Data:
• • • • • • •

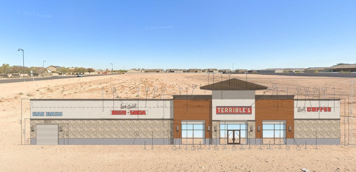 According to documents filed with the City of Maricopa’s Development Services Department on Jan. 14, the new gas station would be built on a 3.55-acre lot currently zoned for Neighborhood Commercial use. Terrible’s is requesting a rezoning to General Commercial to accommodate the expanded footprint and retail features.
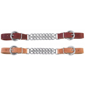 Kvalitní stylový podbradní řemínek vyroben z měkké poddajné harnes kůže se 2 řadami plochého řetízku
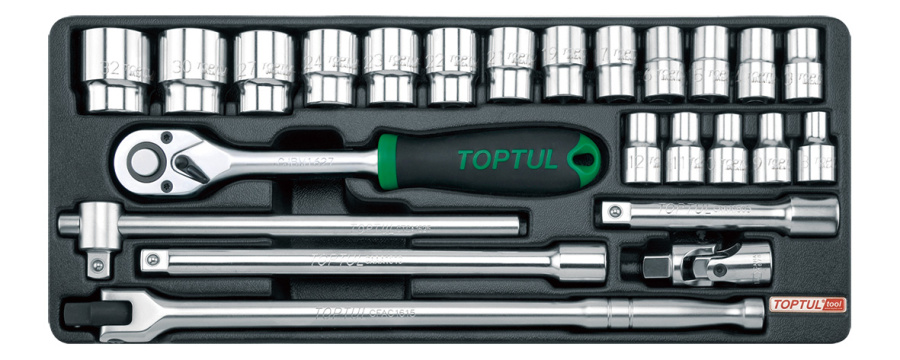 Набор головок и аксессуаров 1/2" 6-32 мм, 24 предмета, в ложементе TOPTUL

• • • • • • •

What is required:
With the pictures omitted, print each line of the data above precisely as given.

Written answer:
 According to documents filed with the City of Maricopa’s Development Services Department on Jan. 14, the new gas station would be built on a 3.55-acre lot currently zoned for Neighborhood Commercial use. Terrible’s is requesting a rezoning to General Commercial to accommodate the expanded footprint and retail features.
 Kvalitní stylový podbradní řemínek vyroben z měkké poddajné harnes kůže se 2 řadami plochého řetízku
 Набор головок и аксессуаров 1/2" 6-32 мм, 24 предмета, в ложементе TOPTUL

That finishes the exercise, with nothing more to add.